Убийца приподнял ноги, уперся коленями в ее выгнувшуюся спину и снова дернул обеими руками свободный конец ремня. Моника захрипела, пытаясь просунуть пальцы под ремень, но лишь царапала себе подбородок; потом раскинула руки, чтобы привстать, но смогла только коснуться подлокотников и чуть задеть кончиками пальцев наклоненное зеркальце заднего обзора. Тут она застонала, выпячивая губы; руки застыли с вывернутыми запястьями, глаза закатились – и тогда первый укус разодрал ей плечо. Босой ногой она ударила по приборной доске, сломав себе левый мизинец, но уже наступила смерть, и девушка ничего не почувствовала.
Когда убийца оторвался от нее, приваливаясь к дверце, на зубах у него остался приторный, вязкий привкус крови. Он закрыл глаза, склонил голову набок, ощутил через редкие волосы на затылке влажное, холодное прикосновение стекла, и ему, как всегда, захотелось немедленно уехать, вернуться домой. Он устало вздохнул, но сделал над собой усилие, рывком распахнул дверцу, затем коленями выпихнул Монику из машины, вывалил в ров, зиявший чуть ли не под самыми колесами.
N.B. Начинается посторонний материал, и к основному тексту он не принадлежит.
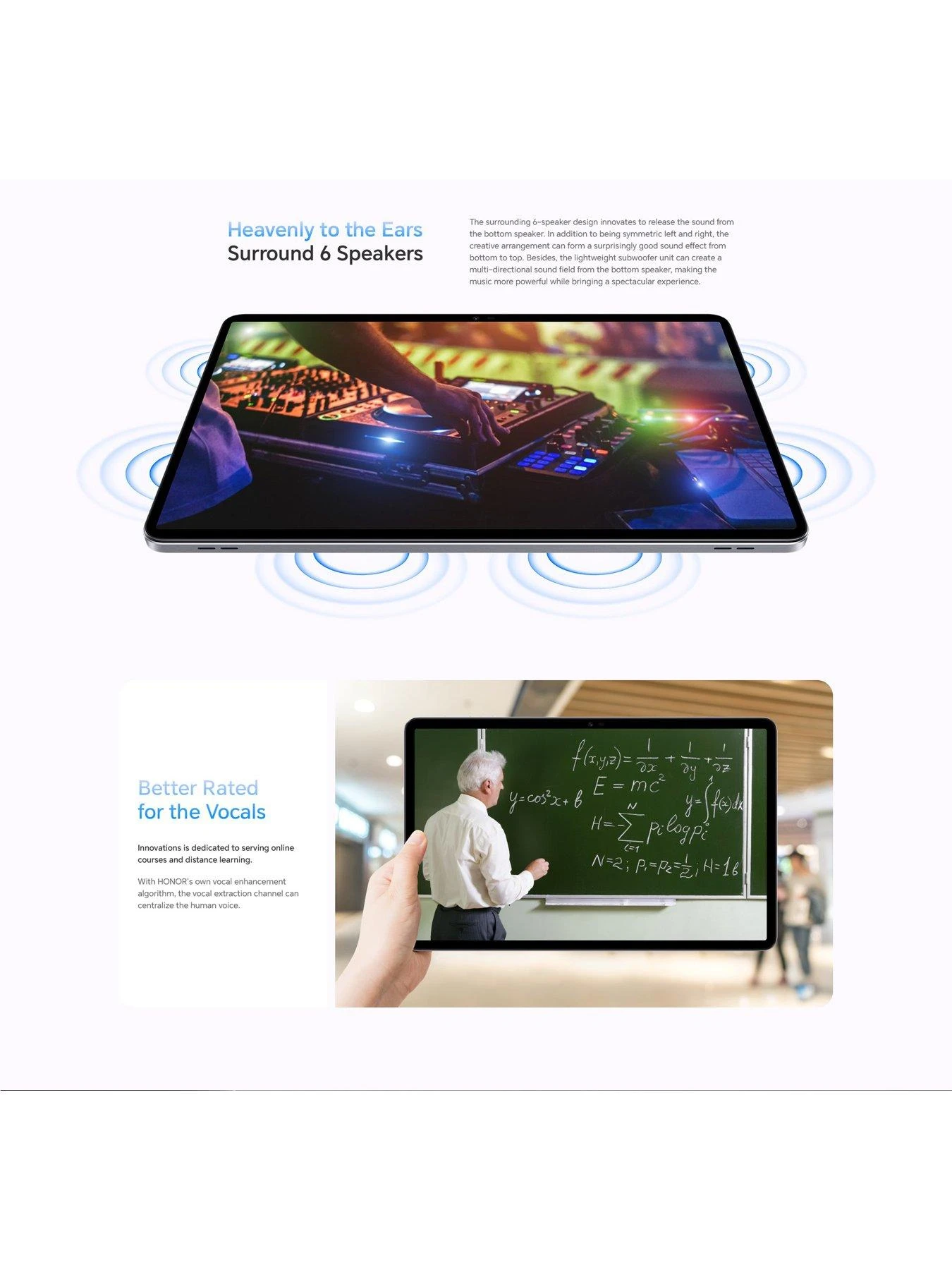 HONOR Pad X9 is a 11.5-inch 2K Tablet with Fullview display and 86% screen to body ratio which shows every detail for better user viewing experience and entertain the whole family by playing music through your speakers or sharing your best videos and photos. The 6 large cavity speakers support Hi-Res Audio and Hi-Res Audio for crystal clear surround sound that enhances all your entertainment.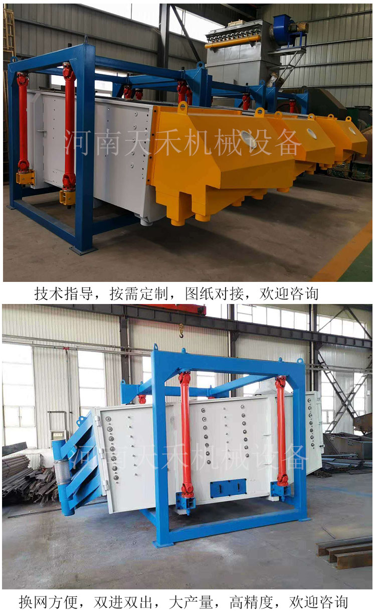 廣泛用于化工及新材料、冶金、金屬粉末、礦物粉末、食品、鹽、糖、磨料、飼料等行業(yè)。 通過(guò)方型回旋篩將激振器發(fā)生的回旋運(yùn)動(dòng),傳至篩面,從而使物料在篩機(jī)前部迅速分散,從而達(dá)到篩分之目的。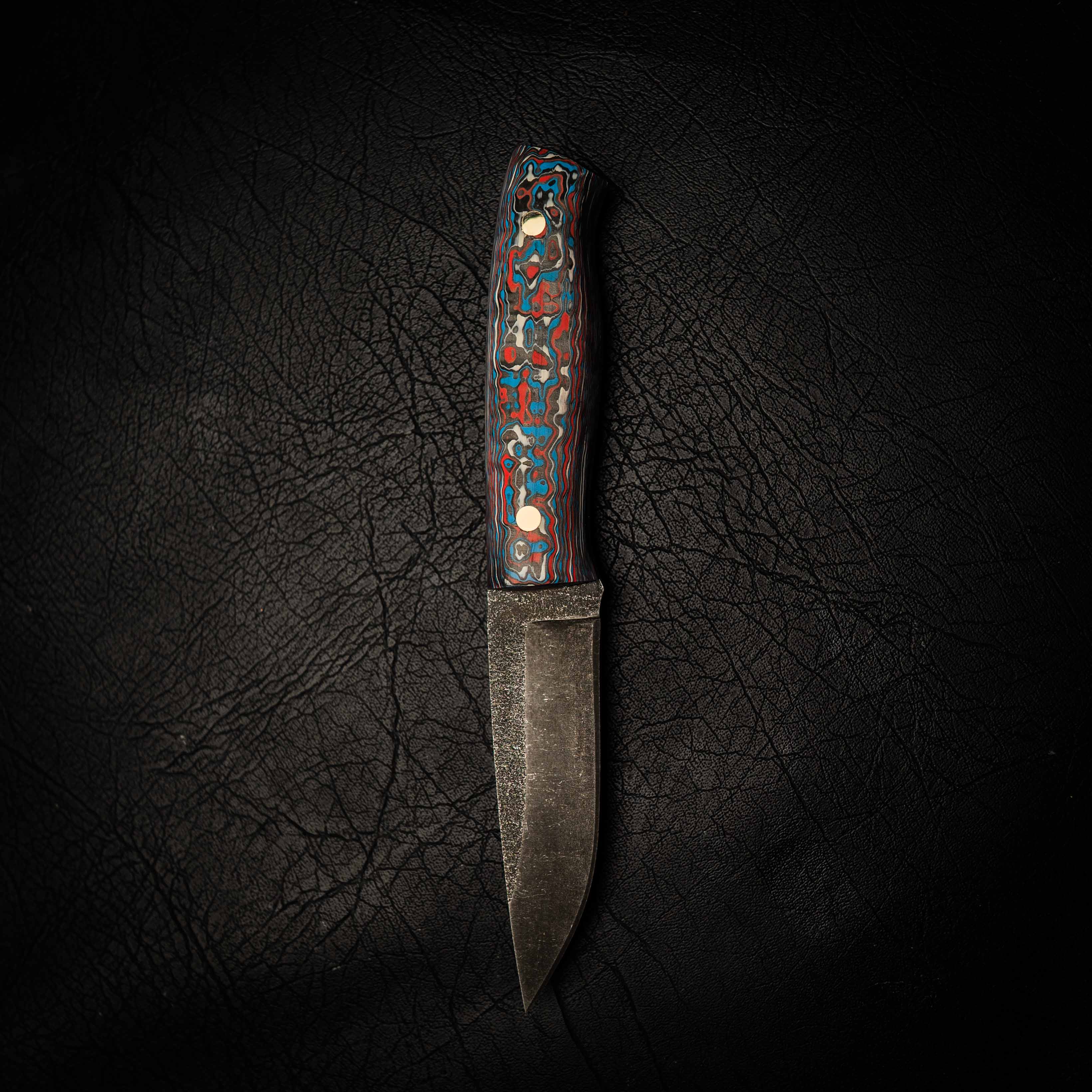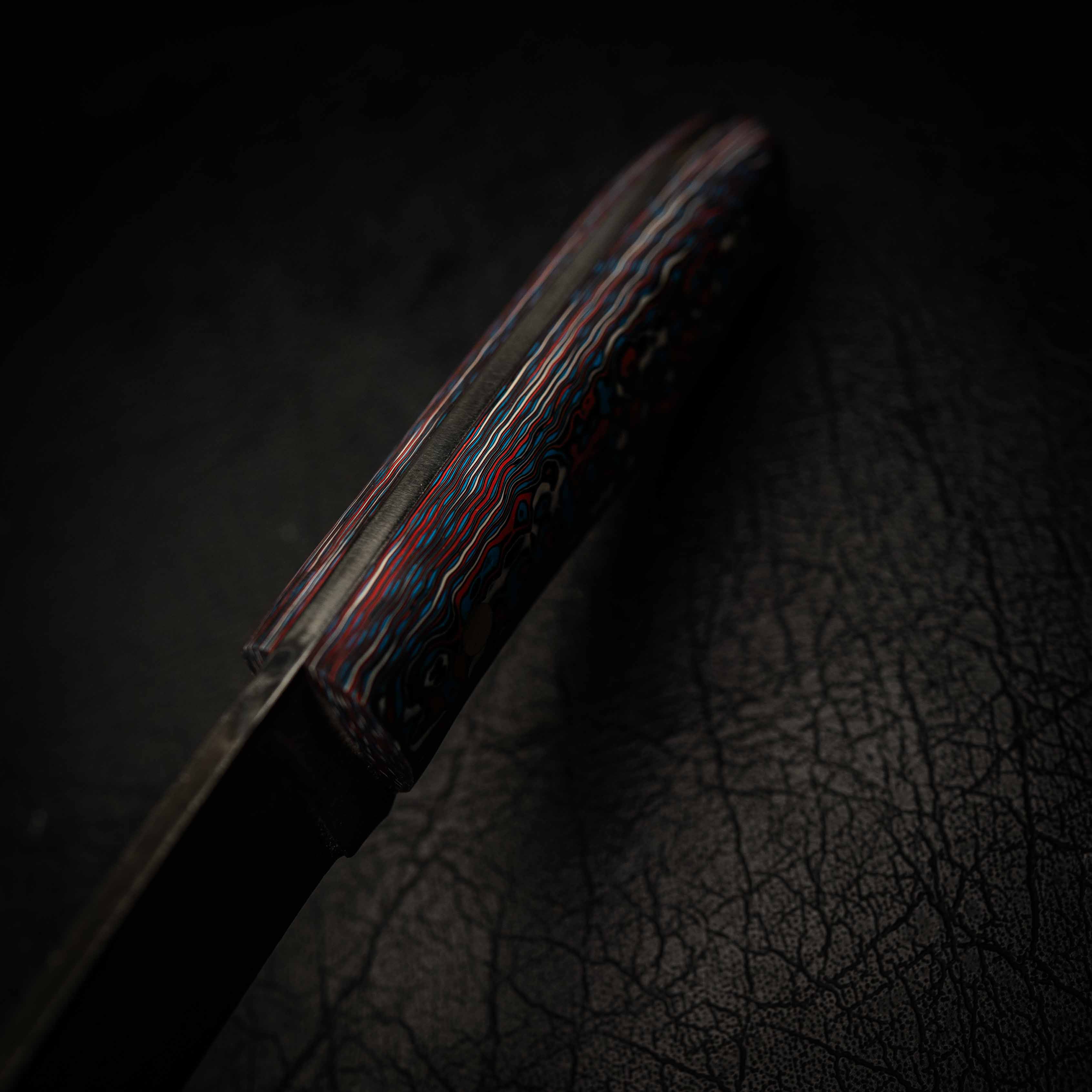 • Blue & Red Damascus Carbon Fiber segmented handle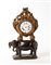 Orologio da carrozza in ottone con tracce di lacca, inserito in una cornice porta orologio intagliata e dorata supportata da elefante in legno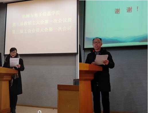 大会随着奏唱国歌,进入第一阶段议程。于荣萍同志首先宣读了校工会文件《同意beat365在线唯一官网召开第三届教职工大会第一次会议暨第三届工会会员大会第一次会议的批复》,并希望beat365在线唯一官网每位教职工立足本职工作,深挖潜能,充分发挥主人翁精神,促进民主政治建设,努力为学校发展贡献力量。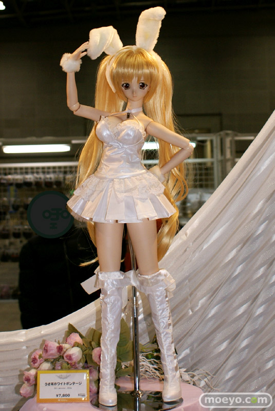 ■ 商品名:「ウサ耳ボンテージ ホワイト/ピンク」 ■ 各対応サイズ:DD(L胸のみ対応)、DDdy ■ 各セット内容:ウサ耳カチューシャ、ボンテージ、ファーカフス×2、スカート、パニエ、ニーハイブーツ ■ 価格:各税込8,190円 ■ 発売:2009年12月6日(ドールズ・パーティー22) |

Выпрямился, вдел ремень в брюки, аккуратно заправил сорочку и только потом застегнул пряжку, вложив язычок в привычную дырочку; наконец, вынул из кармана платок и не спеша, смотрясь в запотевшее зеркальце, вытер губы, подбородок, уголки рта.
Завел мотор, включил кондиционер на полную мощность, и тот заработал с ровным, мощным гудением.
– Сколько мне еще осталось?
– Я ничего такого не говорил…
– Ты сказал, что моя болезнь неизлечима. Сколько мне еще осталось?
– Господи, что ты за человек такой? Объясняю все сначала, слушай…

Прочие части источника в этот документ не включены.